= Stephen Brady (British politician) =

British politician

Stephen Brady (born in Hull in 1945) was the Leader of Hull City Council, a unitary authority, from 2011 for the Labour Party. He stepped down from the position after the 2021 election. In 2018 he was appointed an Officer of the Order of the British Empire (OBE) following the success of Hull UK City of Culture 2017.

==Life and work==
Stephen Brady, known as Steve Brady, was born in Hull in 1945. His father was a dock worker who served in the Royal Navy during the Second World War. He is of Irish descent. In his teens he was a member of the Young Christian Workers. Brady spent much of his working life at BP, Saltend, near Hull and later ran a newsagents shop in East Hull.

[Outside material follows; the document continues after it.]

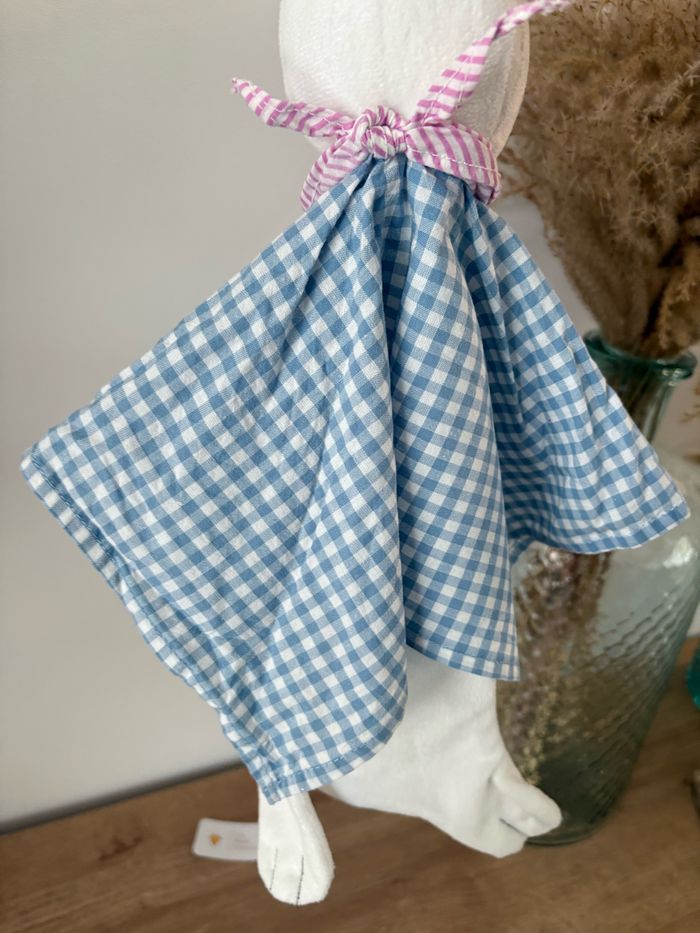Doudou lapin chien blanc bleu Vichy - photo numéro 3

A long-time trade unionist and Labour Party member, he was elected Councillor of Southcoates Ward (formerly Southcoates West Ward) in 2000 and became Leader of the Labour Group in 2007.

==As council leader==
Since becoming Council Leader in 2011, Brady has been praised for his leadership as the city gained improvements in the areas of investment, industry, green energy, employment prospects, and cultural events. Hull was selected as UK City of Culture for 2017, a decision widely received with scepticism and cynicism initially. The event met with considerable success and acclaim and resulted in verifiable, lasting benefits for the city such as jobs, investment, increased visitor numbers, unprecedented media coverage, and widespread community participation. Though he was re-elected to his post as council leader in 2019 to serve through to 2022, Brady announced in May 2021 he was to stand down as leader that month, following local elections where the party had lost seats to the opposition Liberal Democrats. Brady was awarded the OBE in the 2018 New Year Honours for services to local government.

==Personal and family life==
Brady has been married for nearly fifty years and has six children. He lives at the family home in East Hull. His uncle Charles (Charlie) Brady (1916–1992) and aunt Frances (Grogan) (1916–2013) also served as councillors in Hull during the 1960s and 1970s.